As you can see, the diet turns out to be very diverse, but it is not at all necessary to follow it strictly. You can replace foods with similar calorie content and BJU, add various permitted drinks and increase the total daily calorie content as you need it. However, the rules for serving size and meal times must not be violated!

Also note that if you are snacking on nuts and / or dried fruits, you need to go far from the upper portion of the portion - eating 100 grams of nuts is clearly not worth it, they are very satisfying and high in calories, 20-30 grams will be quite enough.

The result of an hourly diet for a week

Woman measures her waist
Woman measures her waist

As we said at the beginning of the article, the hourly diet gives noticeable results when it is followed for a long time. With a reasonable diet, which does not imply an extreme reduction in calories, you will lose weight at a rate of 1.5-2 kilograms per week, which means that in a month the result will already be noticeable.

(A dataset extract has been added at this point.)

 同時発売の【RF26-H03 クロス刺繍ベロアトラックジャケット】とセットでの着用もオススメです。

Weight will go away faster if you combine diet with physical activity - and it is not necessary to sign up for a gym, it is enough to exercise responsibly at home in the first couples and run in the morning and / or in the evening.

It is also worth noting that the more excess weight you have, the faster it will go away. However, once a certain limit is reached, progress will slow down. At the same time, you should not lower the calorie content, have patience, and progress will continue. Finally, it must be said about such an important feature of the diet as the habit of eating in small portions - this, by the way, is one of the key points of maintaining a long-term effect. With constant overeating, the stomach stretches, and with prolonged nutrition of 100-200 grams, it returns to normal size, as a result, satiation comes earlier and the likelihood of overeating, which means that the stomach is stretched again significantly decreases.

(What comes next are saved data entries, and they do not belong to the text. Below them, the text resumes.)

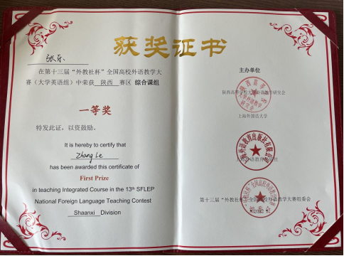 6月25-26日,第十三届“外教社杯”全国高校外语教学大赛(大学英语组)陕西赛区比赛在西北政法大学长安校区举行。陕西省多所高校的64名优秀英语教师参赛,bat365外国语学院教师张乐取得了综合英语组一等奖的优异成绩。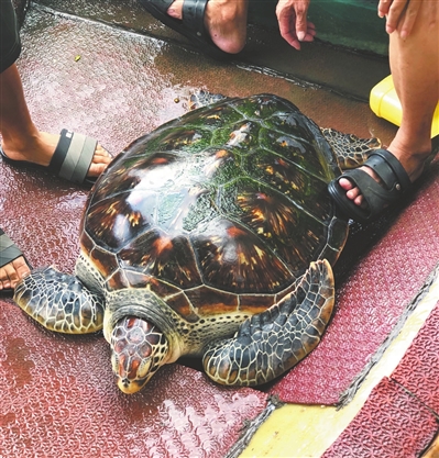 6月9日,中山市黃圃鎮(zhèn)馬安村內(nèi)河,一只31.5公斤重的海龜被廢棄漁網(wǎng)困住。熱心市民黃先生發(fā)現(xiàn)后,立即與其父駕駛船舶將海龜解救并打撈上船,并請(qǐng)求中山市海洋綜合執(zhí)法支隊(duì)予以救助。經(jīng)現(xiàn)場(chǎng)鑒定測(cè)量,該海龜為國(guó)家一級(jí)保護(hù)野生動(dòng)物綠海龜,體長(zhǎng)73厘米、寬52厘米,體重31.5公斤。目前,該海龜因發(fā)現(xiàn)及時(shí)施救得當(dāng)狀態(tài)良好,待它適應(yīng)野外生存條件后,將被中山海洋綜合執(zhí)法支隊(duì)護(hù)送放歸海洋。
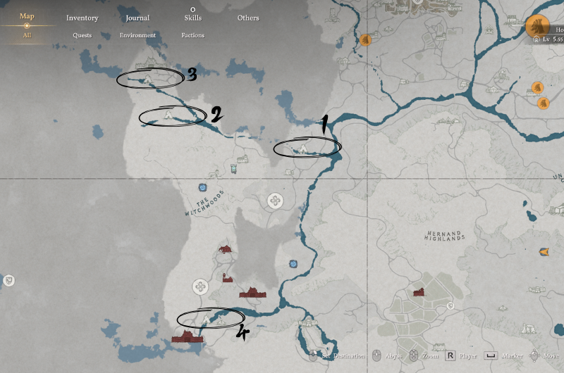 Hidden throughout The Witchwood region are the four pieces of armor that complete the Dark Ringleader’s Set. I’ve marked the locations of the waterfalls on the above map, look for waterfalls which have the stone structure.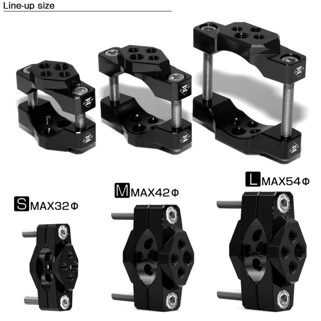 フォークパイプやフレーム、ハンドルバーなどのパイプ部に取り付けできる汎用ブラケット。

How to eat on an hourly diet - watch the video:

The Hourly Diet is a proven diet for years. It allows not only to lose weight, but also to improve health, primarily of the gastrointestinal tract. At the same time, the diet does not imply hunger strikes and too strict restrictions - you can eat every 2-3 hours, any healthy and not too fatty foods. An hourly diet gives good results without stress, both physiologically and psychologically.